- _What is being asked_
Below, find the line containing "Pensadas en nuestros" and the line containing "Games Workshop Limited"; reproduce exactly those two and every line between them, omitting pictures.

- _Data to process_

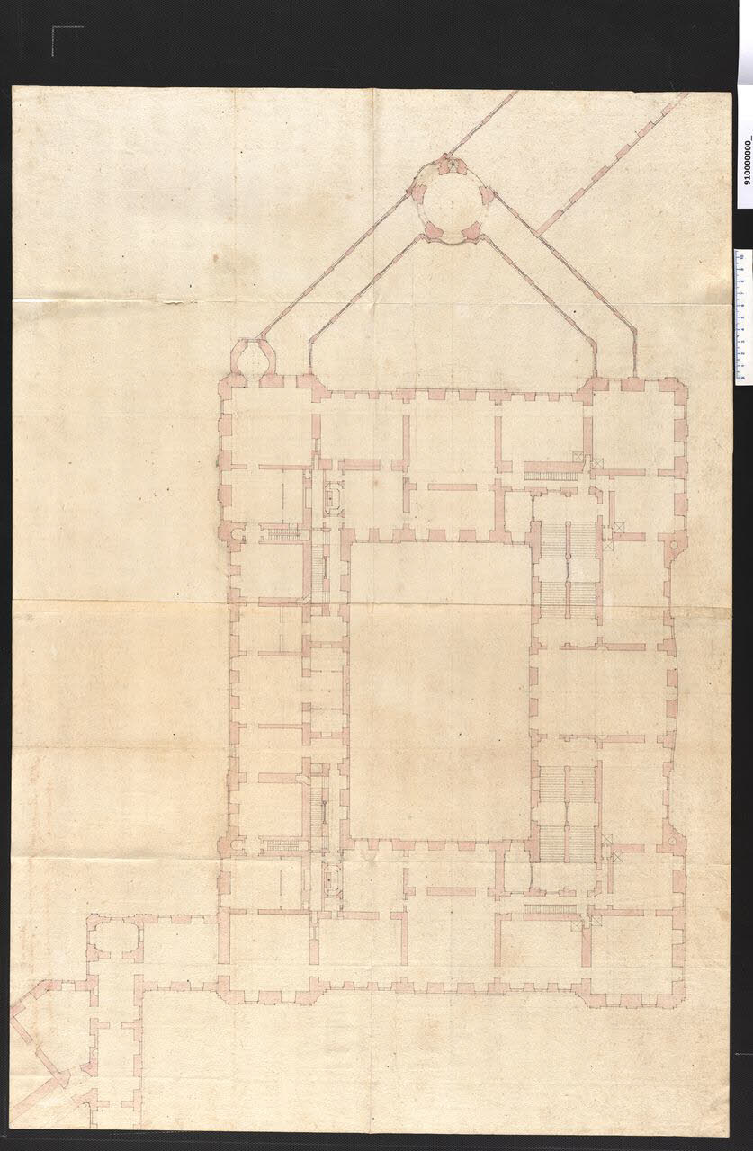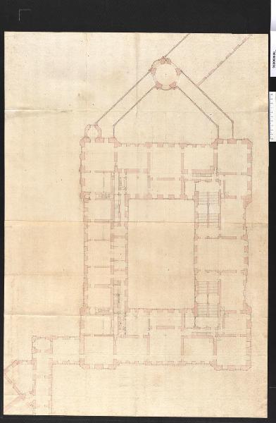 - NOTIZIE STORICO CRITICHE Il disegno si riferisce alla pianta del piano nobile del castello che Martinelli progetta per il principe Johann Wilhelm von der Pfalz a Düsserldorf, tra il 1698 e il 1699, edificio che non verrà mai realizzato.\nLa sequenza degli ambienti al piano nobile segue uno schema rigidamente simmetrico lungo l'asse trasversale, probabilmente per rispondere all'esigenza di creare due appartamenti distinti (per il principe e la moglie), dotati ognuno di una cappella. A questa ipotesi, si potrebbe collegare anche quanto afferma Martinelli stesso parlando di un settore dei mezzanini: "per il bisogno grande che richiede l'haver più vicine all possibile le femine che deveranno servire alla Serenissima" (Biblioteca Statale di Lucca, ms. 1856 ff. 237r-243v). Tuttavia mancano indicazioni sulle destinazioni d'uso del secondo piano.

* * *

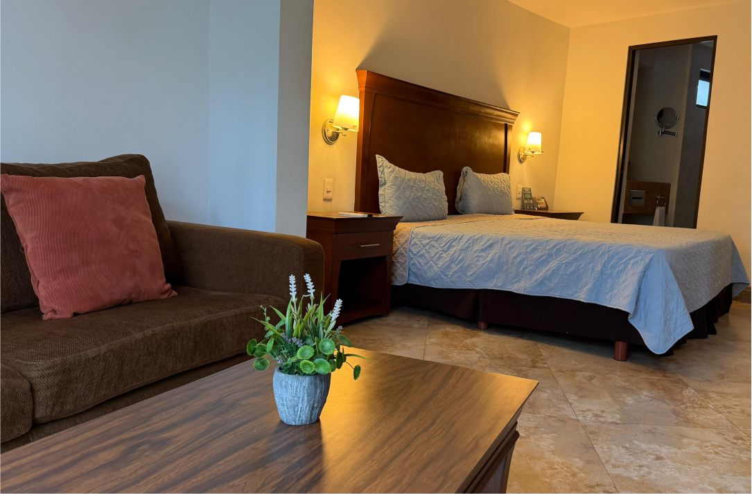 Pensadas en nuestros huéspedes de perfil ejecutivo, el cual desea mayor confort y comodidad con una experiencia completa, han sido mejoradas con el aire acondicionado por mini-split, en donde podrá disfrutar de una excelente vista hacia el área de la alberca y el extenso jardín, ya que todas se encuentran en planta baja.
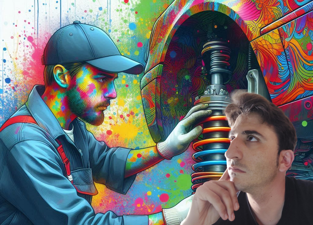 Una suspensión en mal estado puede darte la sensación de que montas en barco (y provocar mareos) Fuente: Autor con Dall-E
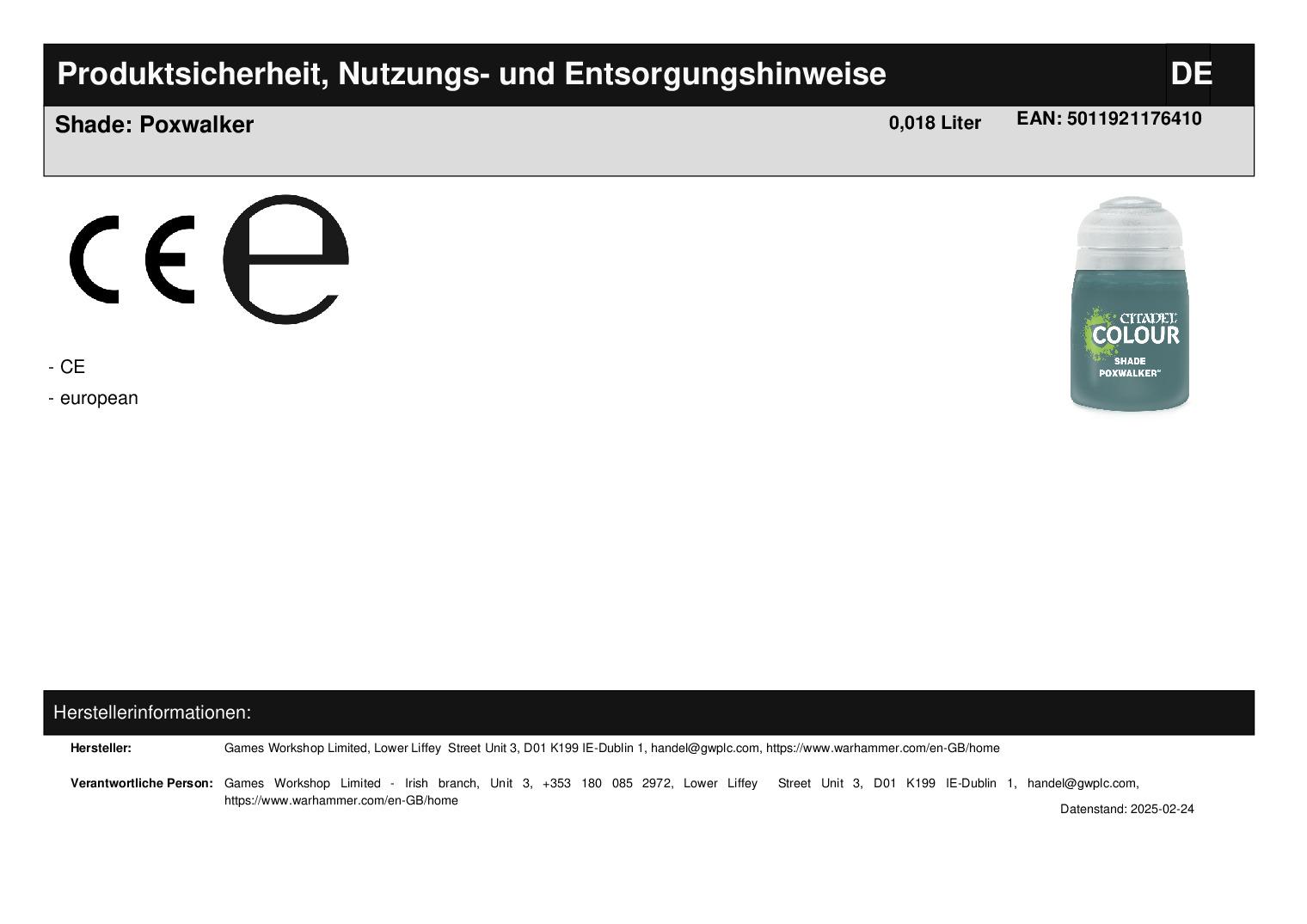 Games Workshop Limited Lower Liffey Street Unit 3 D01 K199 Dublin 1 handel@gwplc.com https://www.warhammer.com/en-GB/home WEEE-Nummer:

- _Your response_
 Pensadas en nuestros huéspedes de perfil ejecutivo, el cual desea mayor confort y comodidad con una experiencia completa, han sido mejoradas con el aire acondicionado por mini-split, en donde podrá disfrutar de una excelente vista hacia el área de la alberca y el extenso jardín, ya que todas se encuentran en planta baja.
 Una suspensión en mal estado puede darte la sensación de que montas en barco (y provocar mareos) Fuente: Autor con Dall-E
 Games Workshop Limited Lower Liffey Street Unit 3 D01 K199 Dublin 1 handel@gwplc.com https://www.warhammer.com/en-GB/home WEEE-Nummer:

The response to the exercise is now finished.